If you are up for a real challenge with place names – visit our neighbour, New Zealand, especially the town of Whakatane – pronounced: /fɑːkɑːˈtɑːnə/. – if you say it fast it sounds like… never mind.

I’ll say no more…..

Capital F For Failure!

I’ve come to believe that all my past failure and frustration were actually laying the foundation for the understandings that have created the new level of living I now enjoy.

Tony Robbins

If Tony Robbins is right – this month I’ve laid some massive foundations for the future.

The January Blog Challenge was going well – for a while. And then it all went pear-shaped. I don’t know why, when or even how. It just happened.

We’re halfway through the month but I am nowhere near halfway through the number of blogs I should have posted. A quarter, maybe?

It all happened when I decided to be super-creative and write a blog about one of my favourite places – Murwillumbah. Oh don’t worry, you haven’t missed it – it didn’t actually get to the Published stage. It’s still sitting in my Drafts folder.

I slaved over that blog day and night. It had fantastic photos, facts and most of my SEO ducks even lined up. But the blog was a failure.

I missed the deadline!

And the next one!

By the time I’d missed two deadlines, panic crept up from somewhere in my writing-feet and threatened to strangle me at any minute.

But that blog remained well-and-truly stuck. It was flat, contrived and downright boring. Even I found it hard to read – and I wrote it!

Image by Gerd Altmann from Pixabay

The frustration that Robbins spoke about weighed heavily on me – kind of like dancing in cement shoes.

And still my unfinished Murwillumbah blog just stared blankly back at me. Stark, unimaginative, and totally unresponsive. There wasn’t a spark of life in it.

Oddly enough, the motive behind writing about Murwillumbah should have provided me with immunity against failure.

Write about something you’re passionate about – they say….

Murwillumbah is where I live. I am passionate about it.

That blog failure stopped me in my tracks…

The urge to abandon it grew in intensity. But the hours of work I’d put into it stopped me from hitting the Delete key.

I was caught in a Limbo between flushing two days work down the drain and the thought of starting again. Should I try once more to resurrect the dead blog, or simply count my blessings and move onto a new one?

Both ideas won – sort of. For two days I found a million things to do that had nothing to do with writing.

But the long-fingers of the Blog Challenge found their way into my conscience. Guilt and the fear of losing the war and not just the battle made me fire up the iPad and start again. But the pain of my abandoned post about Murwillumbah lingered.

One night, more deadlines, and three-hundred words later, another draft sits idly in the Draft Folder. In all my cleverness I decided to write a blog about how I had found my niche by not finding my niche. But that didn’t work any better than not finding my niche in the first place.
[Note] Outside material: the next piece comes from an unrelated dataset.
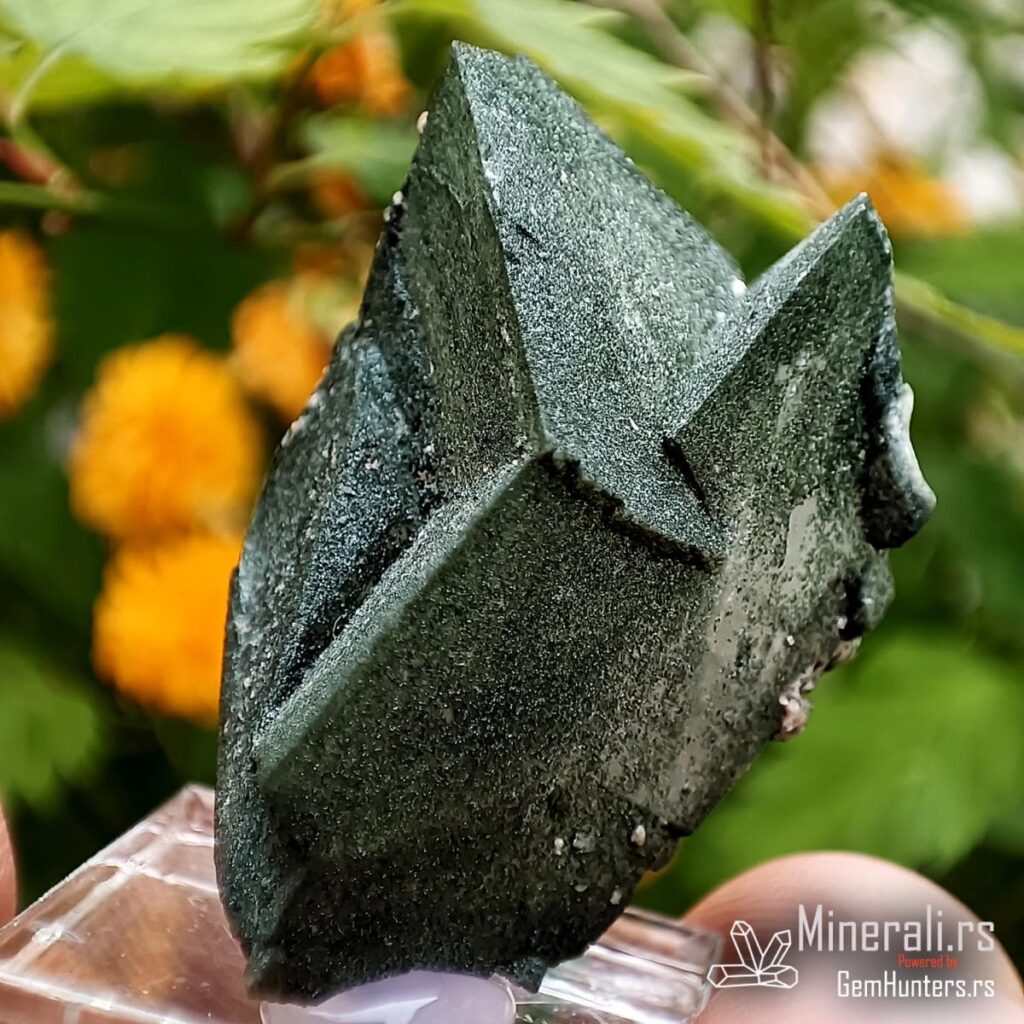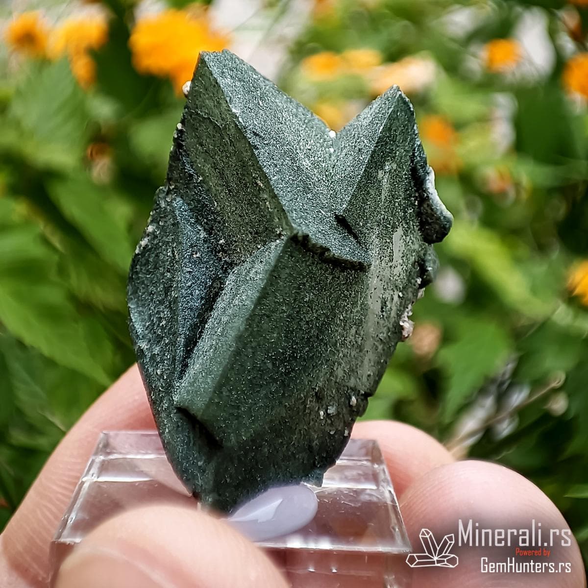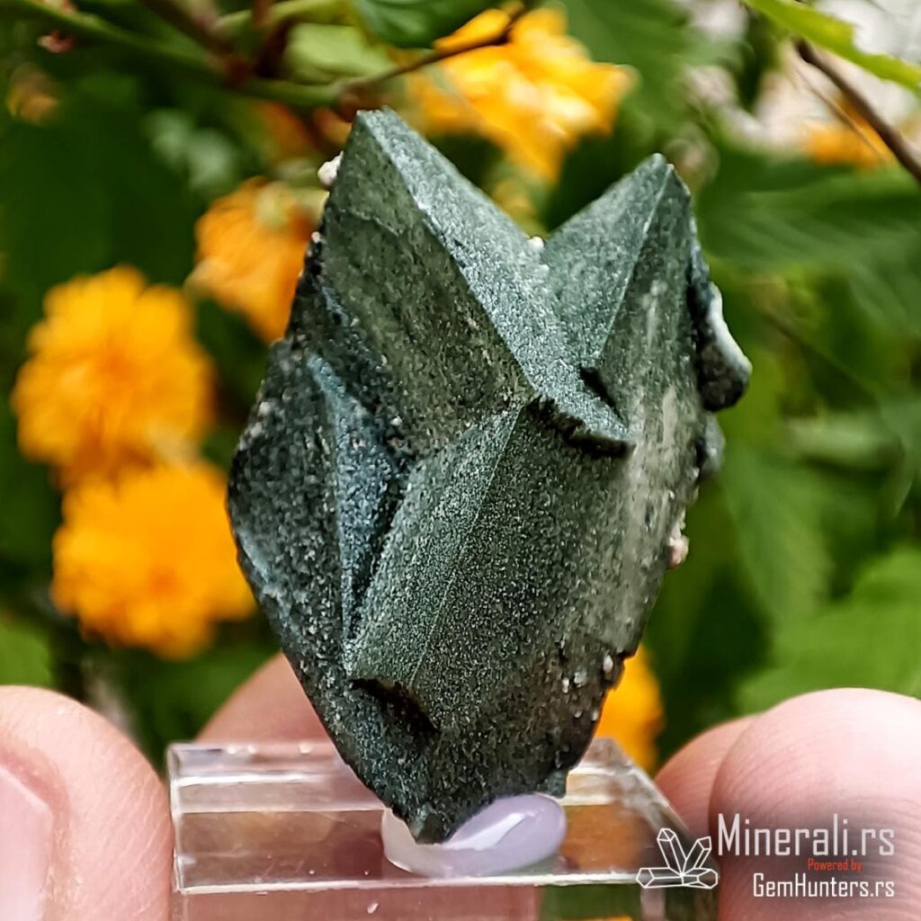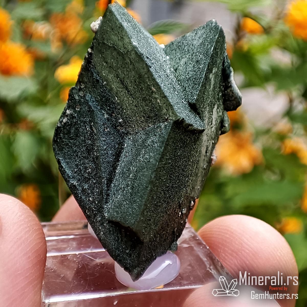 Adular iz Švajcarske, iz doline Etzli u regionu Maderanertal, kanton Uri, jedan je od najpoznatijih alpskih primeraka ortoklasa. Ovaj kristalni uzorak prepoznatljiv je po oštroj romboidnoj formi i zelenkastoj nijansi koja ga čini vizuelno izuzetnim. Površina je prekrivena sitnim zrnima, što ukazuje na sekundarnu mineralizaciju ili postvulkansku alteraciju.
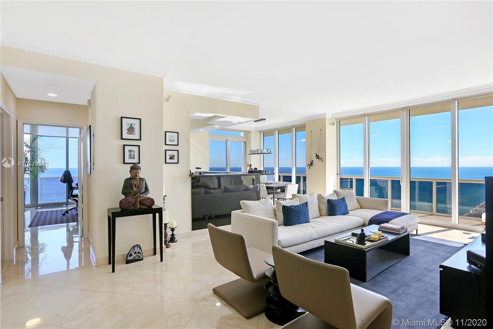 Great opportunity to own a stunning 43rd floor Penthouse at the Green diamond! This 3 bed/3 bath apartment features spectacular unobstructed southeast views of the ocean, city and bay, ocean views from every room, a spacious 1,940 square foot floor plan with marble floors throughout, extra high ceilings, marble bathrooms, open kitchen w/ocean view, floor-to-ceiling windows and extra large balcony wrapping around the entire length of apt accessible from every room. 1st class amenities: 24hr security, valet, concierge, tennis, pool & towel service, cafe/market w/room service, a 16,000sf oceanside clubhouse/spa, gym, personal trainers, free workout classes, steam/ saunas, hot tubs, card & party rooms, nursery, playroom, billiards, business center, beach attendant, and more!

But at least now I know what the problem is. Yes, I was passionate about the topic, but my style of writing changed. I had moved away from the conversational tone I usually use and was trying to write something (seriously) factual.

It just didn’t work

So here I am, writing a brand new blog about nothing in particular, in my usual casual manner.

Have I learned from failure?

You bet I have!

And the lessons learned will form the basis of another blog, in another time.

Sorry to rush off – but I’ve got a whole lot of blogging to do to catch up!